Paulson’s spokesman declined to comment on the investment. While King Cohen has pretty much given up BofA, we don’t expect JP to be selling out of his entire stake any time soon.

Comments (8)

  1. Posted by guest | November 18, 2009 at 10:56 AM

    Any chance of getting the full quarterly letter he wrote?

  2. Posted by NegativeConvexity | November 18, 2009 at 11:00 AM

    Bernanke is holding rates artificially low with precisely this objective in mind.
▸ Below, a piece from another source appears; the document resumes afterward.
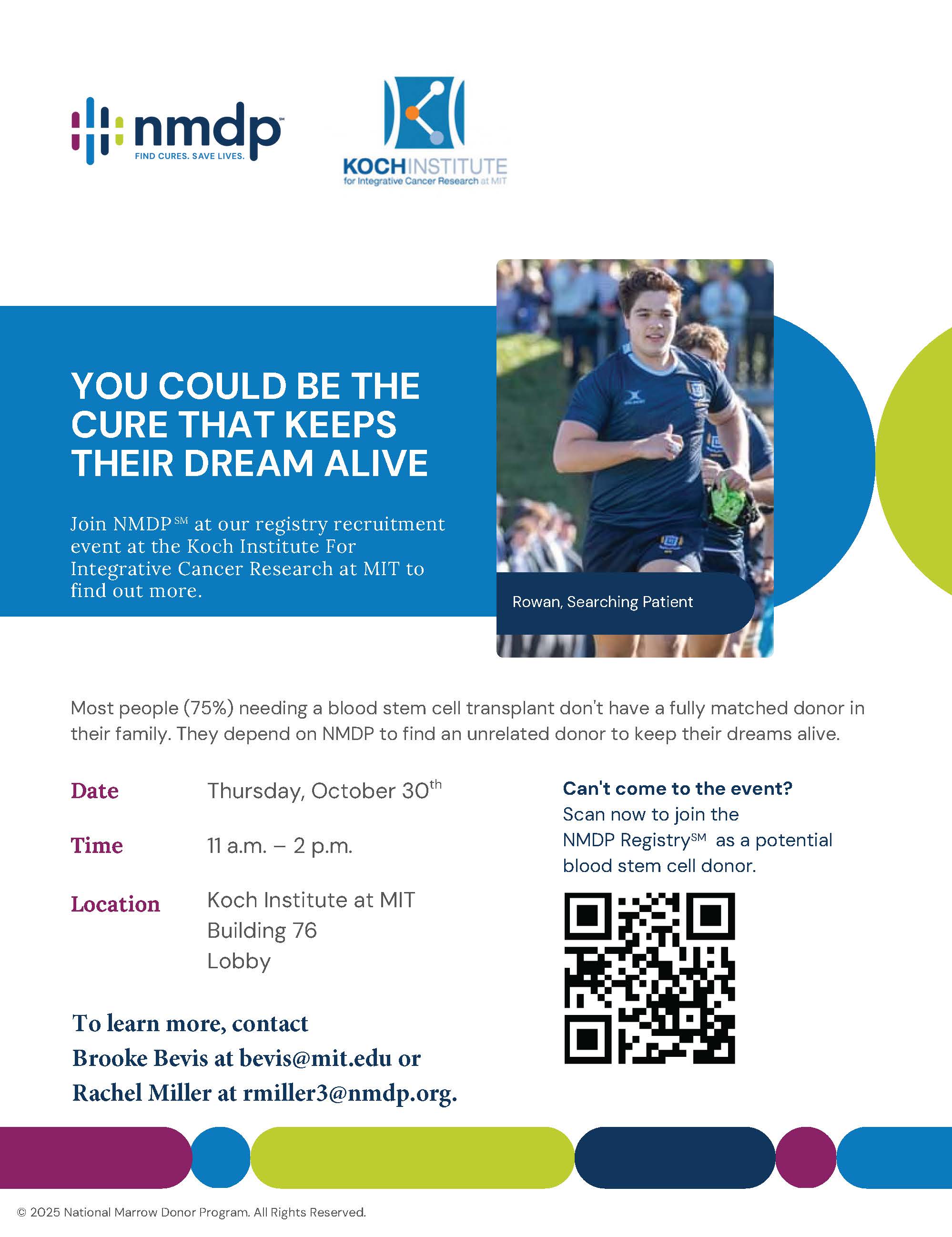 The Koch institute (Building 76) will be holding a Marrow Registry Drive on Thursday, Oct 30, from 11AM-2PM. Please take a few minutes to stop by and learn more about this potential life-saving opportunity!

The Kilimanjaro-steepness of the yield curve is designed to bail out the financial sector by earning the balance sheet back into health.
    In 1H09 BAC’s deposits & fed funds went to $1.163tr from $978b in 1H08, yet interest expense went DOWN from $15.3b to $8.2b.
    You can’t fuck with that.

  3. Posted by Investorcluzo | November 18, 2009 at 11:31 AM

    this is the same propaganda warren b (not to be confused with “g”) was spewing on wells, but with a slightly different spin…the banks will earn their way out of the hole.
    while I agree with @negconvex that in a steep curve environment, you have to work hard to lose money, there is another factor at play: atrophy. QoQ bac is losing (non-interest bearing) deposits and revenues, down 1% and 20%, respectively. so the question is: are those normalized numbers reflective of the “new” bac reality?
    bottom line: the franchise is broken and the mothership needs a leader to repair its image – until then, it’s dead money aside from hedgies talking up their book to move the stock.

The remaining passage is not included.